Summary: Unsupervised class discovery is a highly useful technique in cancer research, where intrinsic groups sharing biological characteristics may exist but are unknown. The consensus clustering (CC) method provides quantitative and visual stability evidence for estimating the number of unsupervised classes in a dataset. ConsensusClusterPlus implements the CC method in R and extends it with new functionality and visualizations including item tracking, item-consensus and cluster-consensus plots. These new features provide users with detailed information that enable more specific decisions in unsupervised class discovery.

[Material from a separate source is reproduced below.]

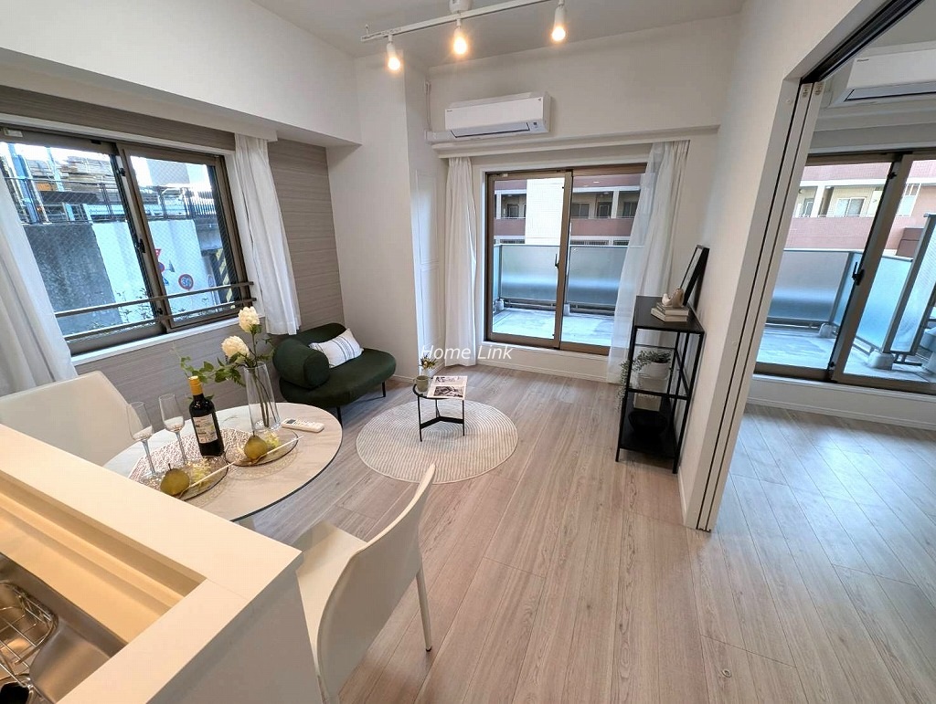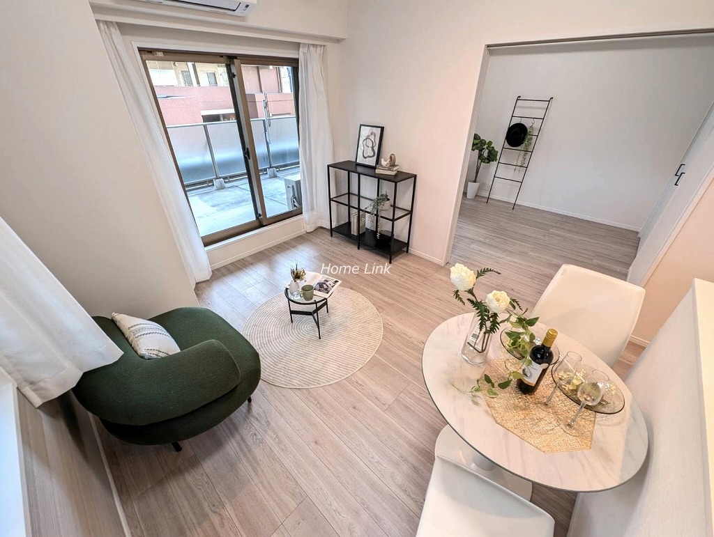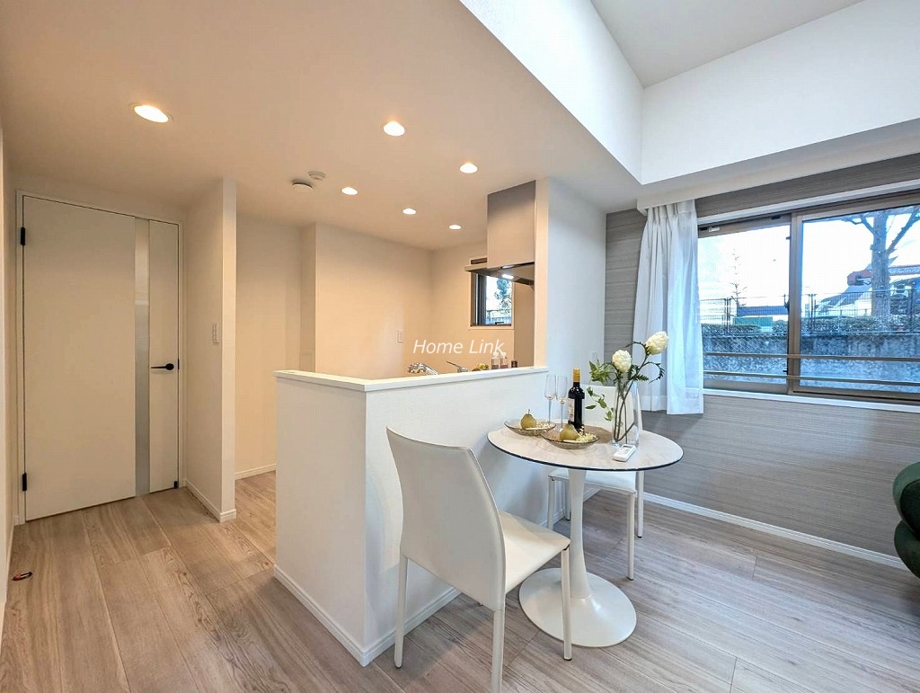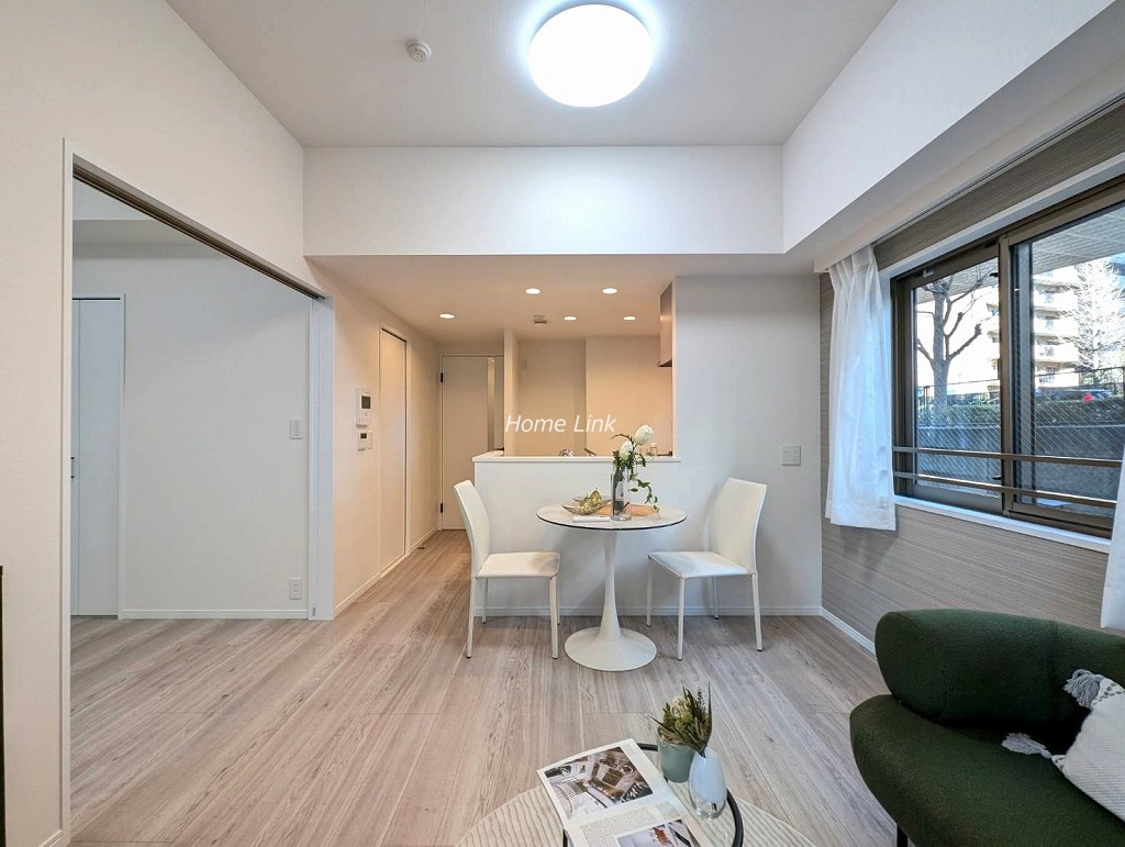 1階部分、南・東向きルーフバルコニー付き角住戸です。内装も水廻りの設備も一新、綺麗になったお部屋ですぐ新生活を始めることができます。リビングと洋室を開け放って約17.4帖の広いLDKとしても利用できます。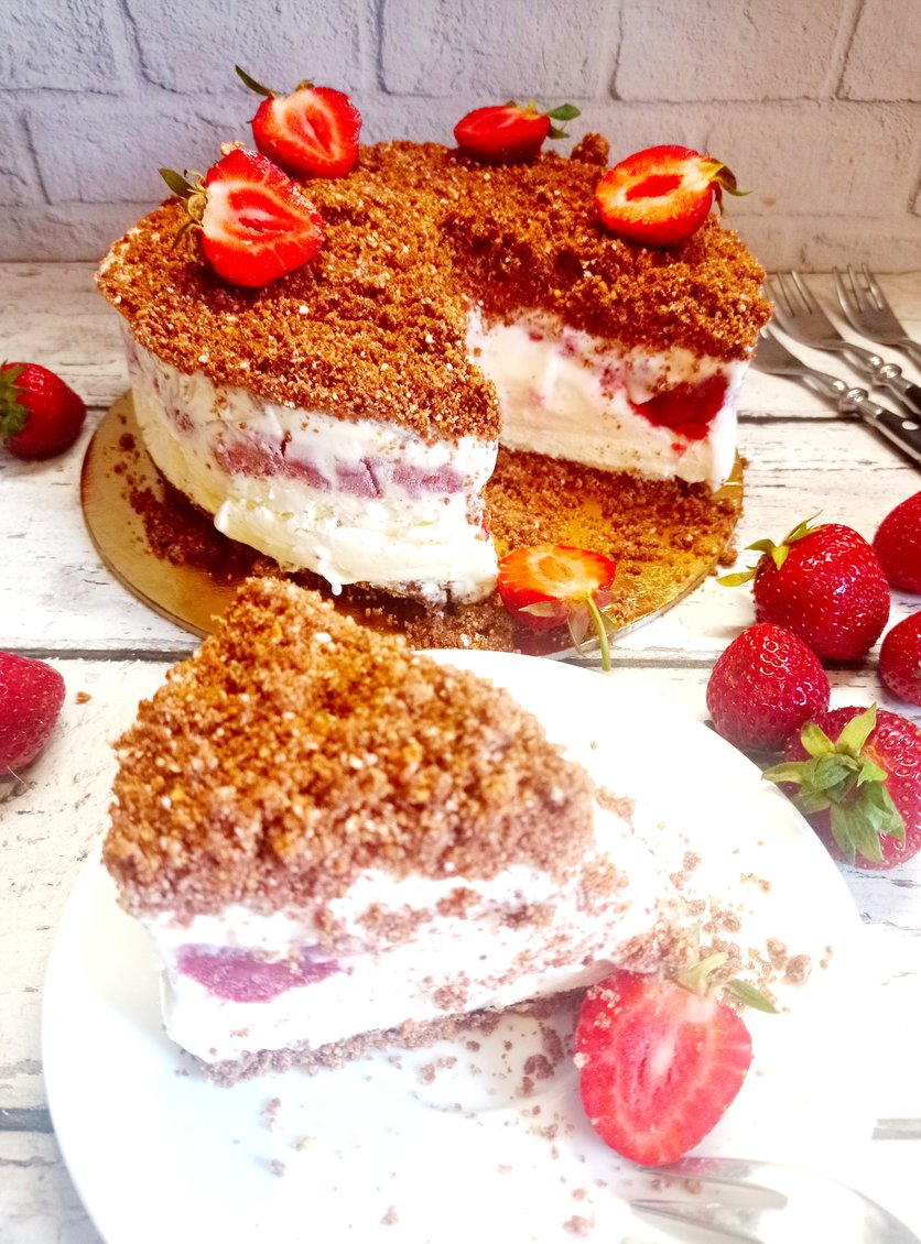 Tort lodowy z owocami i czekoladowo-orzechową kruszonką

Availability: ConsensusClusterPlus is open source software, written in R, under GPL-2, and available through the Bioconductor project (http://www.bioconductor.org/).

Contact: mwilkers@med.unc.edu

Supplementary Information: Supplementary data are available at Bioinformatics online.

1 INTRODUCTION

Unsupervised class discovery is a data mining technique for the detection of unknown possible groups of items based on intrinsic features and no external information. For this technique, an investigator seeks to answer two questions: how many groups are present in a dataset, and what is the confidence in the number of groups and the group memberships. Consensus clustering (CC) (Monti et al., 2003) is a method for evaluating these questions and is popular in cancer research [e.g. lung adenocarcinoma (Hayes _et al._, 2006)]. CC provides quantitative and visual ‘stability’ evidence derived from repeated subsampling and clustering. CC reports a consensus of these repetitions, which is robust relative to sampling variability. The CC method is available in the GenePattern software (Reich et al., 2006). ConsensusClusterPlus implements the CC method in the R language (http://www.r-project.org) and adds new functionality and visualizations.

2 SOFTWARE FEATURES

Input to ConsensusClusterPlus is a data matrix and user-specified options. The data matrix represents a collection of features for a set of samples (items); for example, this could be microarray items and gene expression features. Output is stability evidence for a given number of groups (k) and cluster assignments. The output consists of R data objects, text files, graphical plots and a log file.

2.1 Algorithm

ConsensusClusterPlus extends the CC algorithm and is briefly described here. The algorithm begins by subsampling a proportion of items and a proportion of features from a data matrix. Each subsample is then partitioned into up to k groups by a user-specified clustering algorithm: agglomerative hierarchical clustering, k-means or a custom algorithm. This process is repeated for a specified number of repetitions. Pairwise consensus values, defined as ‘the proportion of clustering runs in which two items are [grouped] together’ (Monti et al., 2003), are calculated and stored in a consensus matrix (CM) for each k. Then for each k, a final agglomerative hierarchical consensus clustering using distance of 1−consensus values is completed and pruned to k groups, which are called consensus clusters.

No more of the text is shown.